**Records drawn from a dataset:**
=-=-=
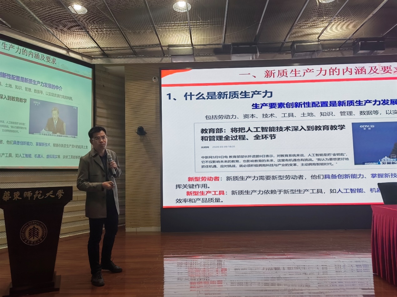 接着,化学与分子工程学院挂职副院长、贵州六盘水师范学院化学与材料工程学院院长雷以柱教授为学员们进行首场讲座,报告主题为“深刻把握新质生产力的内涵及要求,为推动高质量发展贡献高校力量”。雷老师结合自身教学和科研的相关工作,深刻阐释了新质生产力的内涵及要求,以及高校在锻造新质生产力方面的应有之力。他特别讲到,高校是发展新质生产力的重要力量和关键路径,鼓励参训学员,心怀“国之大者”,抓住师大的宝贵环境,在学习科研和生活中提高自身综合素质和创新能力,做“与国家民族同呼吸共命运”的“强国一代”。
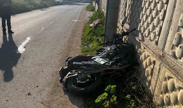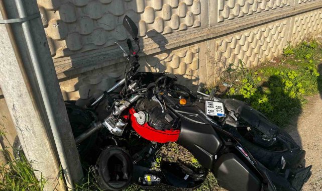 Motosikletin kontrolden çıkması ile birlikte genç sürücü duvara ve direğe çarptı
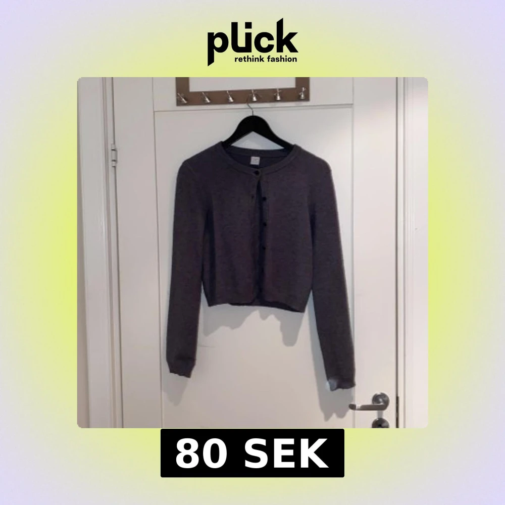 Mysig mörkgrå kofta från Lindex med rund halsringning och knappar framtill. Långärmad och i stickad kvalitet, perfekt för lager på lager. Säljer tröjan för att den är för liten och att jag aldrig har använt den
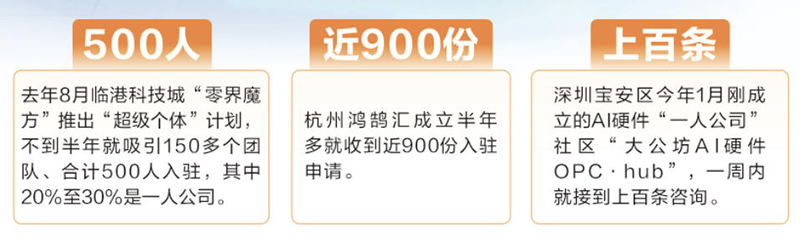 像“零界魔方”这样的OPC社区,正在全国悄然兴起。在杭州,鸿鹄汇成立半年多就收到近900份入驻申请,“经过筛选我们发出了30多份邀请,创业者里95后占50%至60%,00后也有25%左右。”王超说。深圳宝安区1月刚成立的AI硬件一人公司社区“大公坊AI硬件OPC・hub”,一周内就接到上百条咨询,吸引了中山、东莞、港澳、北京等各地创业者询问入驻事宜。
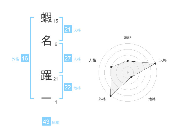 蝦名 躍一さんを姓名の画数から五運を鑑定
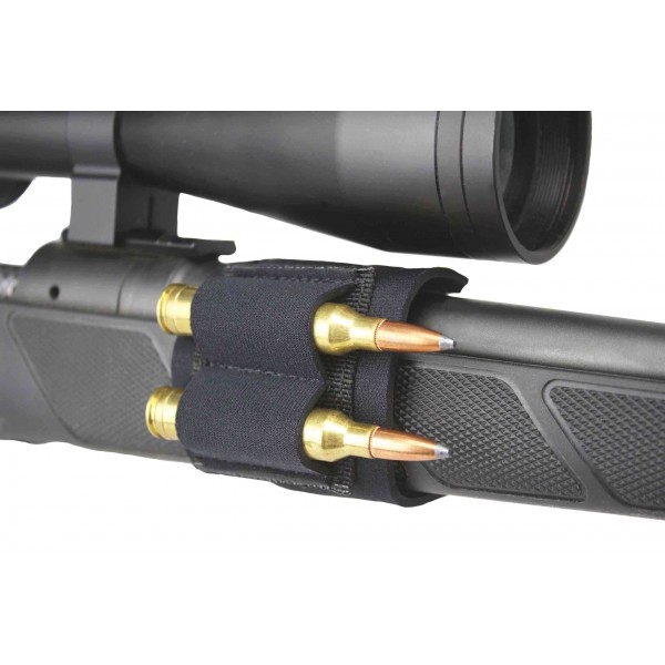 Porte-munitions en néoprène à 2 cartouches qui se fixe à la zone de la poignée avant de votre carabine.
=-=-=
**Task:**
When you repeat the data, keep every line exact and drop the images.

**Output of the task:**
 接着,化学与分子工程学院挂职副院长、贵州六盘水师范学院化学与材料工程学院院长雷以柱教授为学员们进行首场讲座,报告主题为“深刻把握新质生产力的内涵及要求,为推动高质量发展贡献高校力量”。雷老师结合自身教学和科研的相关工作,深刻阐释了新质生产力的内涵及要求,以及高校在锻造新质生产力方面的应有之力。他特别讲到,高校是发展新质生产力的重要力量和关键路径,鼓励参训学员,心怀“国之大者”,抓住师大的宝贵环境,在学习科研和生活中提高自身综合素质和创新能力,做“与国家民族同呼吸共命运”的“强国一代”。
 Motosikletin kontrolden çıkması ile birlikte genç sürücü duvara ve direğe çarptı
 Mysig mörkgrå kofta från Lindex med rund halsringning och knappar framtill. Långärmad och i stickad kvalitet, perfekt för lager på lager. Säljer tröjan för att den är för liten och att jag aldrig har använt den
 像“零界魔方”这样的OPC社区,正在全国悄然兴起。在杭州,鸿鹄汇成立半年多就收到近900份入驻申请,“经过筛选我们发出了30多份邀请,创业者里95后占50%至60%,00后也有25%左右。”王超说。深圳宝安区1月刚成立的AI硬件一人公司社区“大公坊AI硬件OPC・hub”,一周内就接到上百条咨询,吸引了中山、东莞、港澳、北京等各地创业者询问入驻事宜。
 蝦名 躍一さんを姓名の画数から五運を鑑定
 Porte-munitions en néoprène à 2 cartouches qui se fixe à la zone de la poignée avant de votre carabine.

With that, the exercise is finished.